Id. (citations omitted).
    Here, we are constrained to hold that the rule set forth in Doyle and applied by our Supreme Court in Hoyle, Lane and Ward was violated in this case. Defendant initially waived his right to remain silent and gave police two statements on 9 August 1999 describing the incident. At trial, he gave a more detailed exculpatory account of the incident. His account at trial was not inconsistent with the statements given to police. He merely provided more detail concerning his fear that Shore was going to kill him.
    From 9 August 1999 until his testimony at trial, defendant had a constitutional right to remain silent. The State attorney's questions and his argument to the jury violated defendant's right to remain silent.

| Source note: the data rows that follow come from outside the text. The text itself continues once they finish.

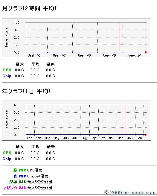 元々あるMRTGの各種グラフが統合された画面に「 CPU・チップセット温度 」も同じように統合するには、以下のようにする。 ・MRTGインデックスページ作成
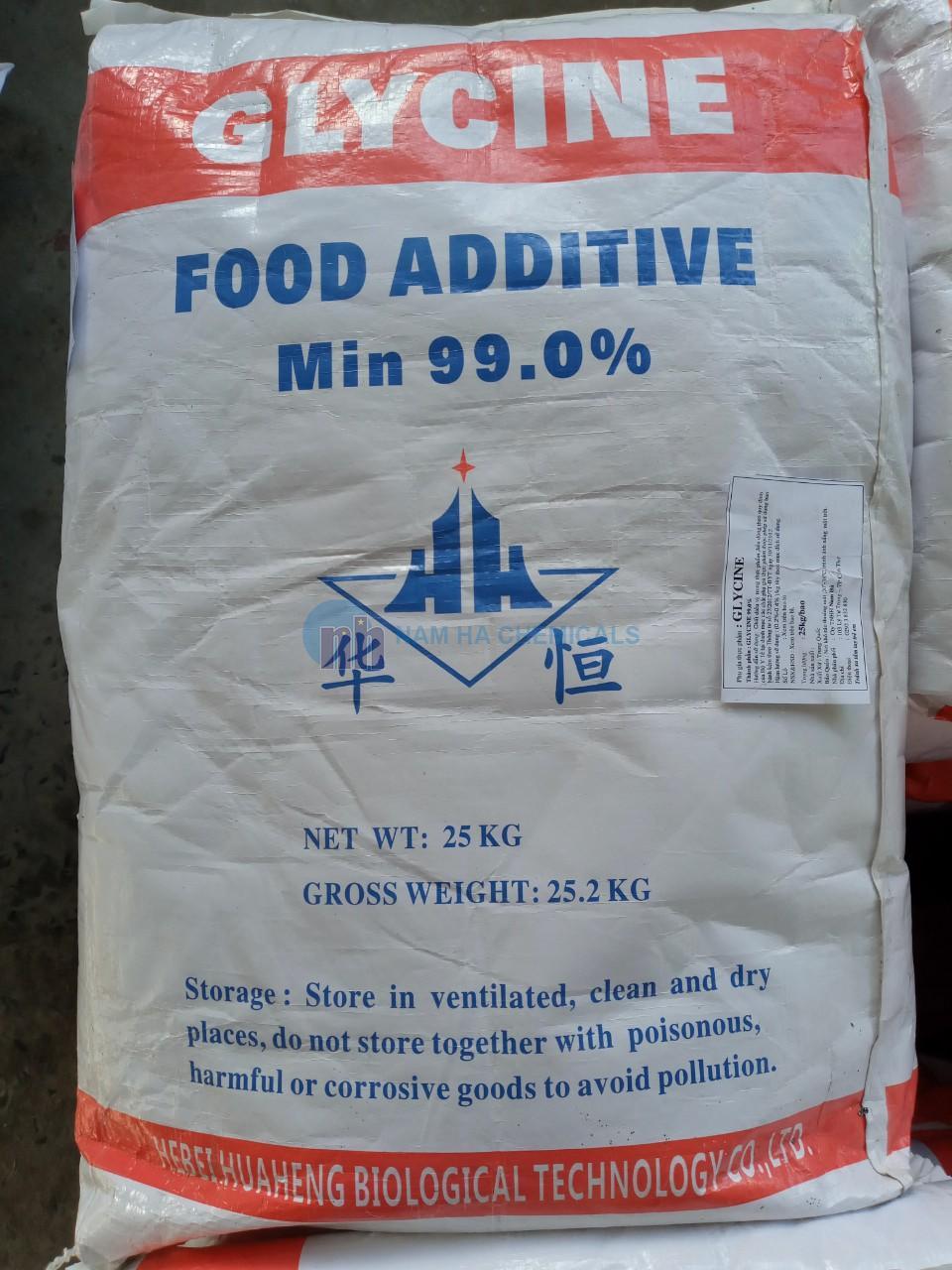 Glycine là acid amin có một nguyên tử hydro. Glycine có dạng tinh thể rắn, là chất kết tinh không màu, có vị ngọt, không phân cực, không quang. Glycine là một trong những phụ gia được sử dụng phổ biến trong thực phẩm với công dụng là chất điều vị, tạo ngọt, tạo màu và mùi Caramel, tăng độ đạm cho nước chấm (nước tương, nước mắm, tương ớt, bột nêm…). Ngoài ra, Glycine còn được ứng dụng làm phụ gia cho thức ăn gia súc và vật nuôi.
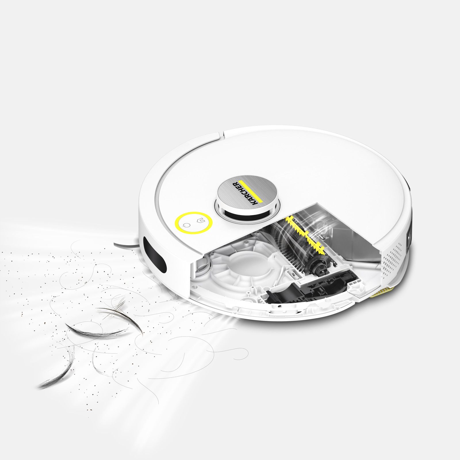 Робот-пилосос Kärcher RVC 3 з LiDAR-навігацією автономно прибирає тверді покриття та килими з низьким ворсом, збираючи сухий бруд у контейнер 240 мл і виконуючи легке вологе прибирання серветкою з баком 280 мл. Сила всмоктування до 15 000 Па та чотири режими дозволяють ефективно справлятися з пилом, волоссям і дрібним сміттям, а датчики перепаду висот запобігають падінню зі сходів. Керування відбувається через мобільний застосунок з можливістю створення карти, встановлення заборонених зон і розкладу прибирання.

            A violation of the defendant's rights under the Constitution of the United States is prejudicial unless the appellate court finds that it was harmless beyond a reasonable doubt. The burden is upon the State to demonstrate, beyond a reasonable doubt, that the error was harmless.

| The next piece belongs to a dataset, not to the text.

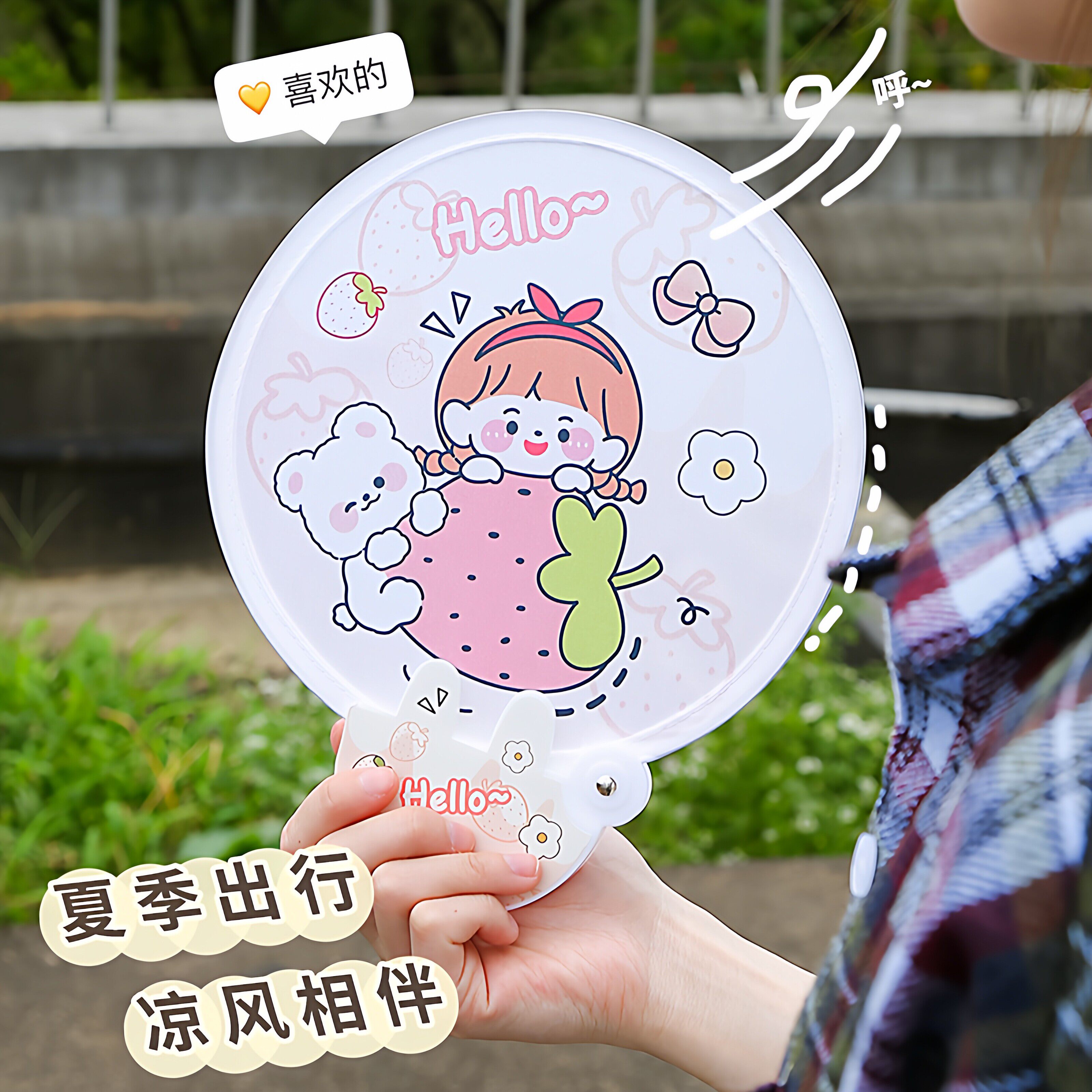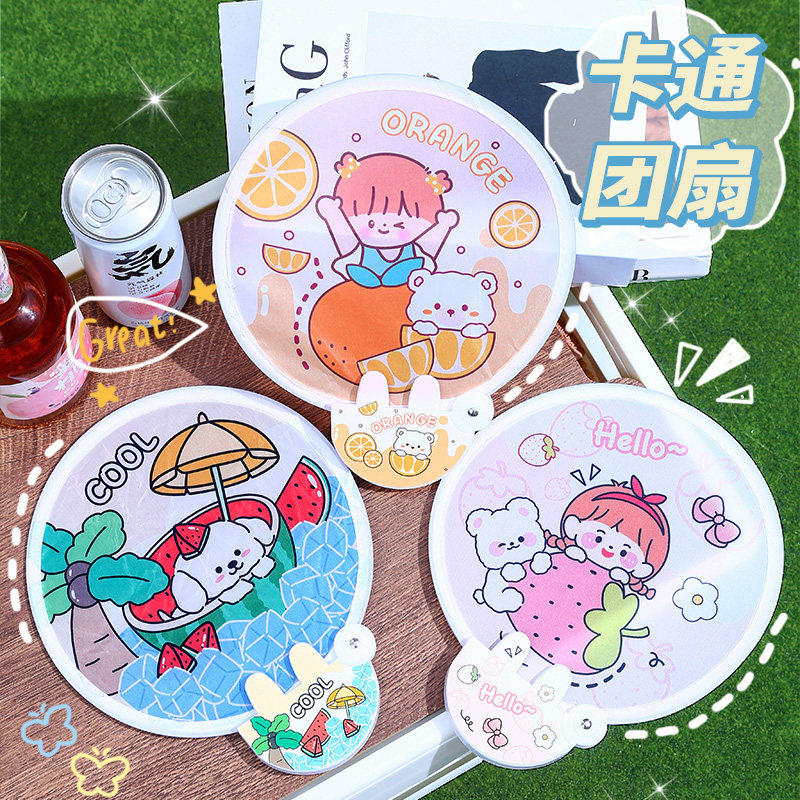 可爱团扇折叠扇子迷你布面口袋手摇扇儿童学生便携随身小圆扇

N.C. Gen. Stat. § 15A-1443(b) (2001); Hoyle, 325 N.C. at 237, 382 S.E.2d at 754. The test is whether the appellate court can declare a belief that there is no reasonable possibility that the violationmight have contributed to the conviction. Lane, 301 N.C. at 387, 271 S.E.2d at 277.
    Here, we are required by applicable precedent to hold that there was a violation of defendant's constitutional rights. The State's cross-examination of defendant, examination of the officer and closing argument attacked defendant's exercise of his right against self-incrimination in such a manner as to leave a strong inference with the jury that part of defendant's testimony was an after-the-fact creation. Defendant's testimony about Shore's threat was crucial to his defense which centered on self-defense and heat of passion. It seems probable that the State's questions and its closing argument contributed to his conviction. Since we cannot declare beyond a reasonable doubt that there was no reasonable possibility that the prosecutor's conduct might have contributed to defendant's conviction, we hold it was sufficiently prejudicial to warrant a new trial.
    Three of defendant's remaining assignments of error are not sufficiently likely to occur at a new trial, so we decline to address them. We do wish, however, to briefly address defendant's contention that the trial court erred in not intervening ex mero motu in the State's closing argument, which he contends contained two grossly improper remarks.
    We take this opportunity to bring attention to our Supreme Court's recent decision in State v. Jones, 355 N.C. 117, 558 S.E.2d 97 (2002). It emphasized an attorney's professional and ethical responsibilities to avoid closing arguments which are abusive,injected with personal opinion and experience or otherwise stray from the record. Id. at 134-35, 558 S.E.2d at 108-09.
    For the reasons herein, we award defendant a new trial.
    New trial.
    Chief Judge EAGLES and Judge MARTIN concur.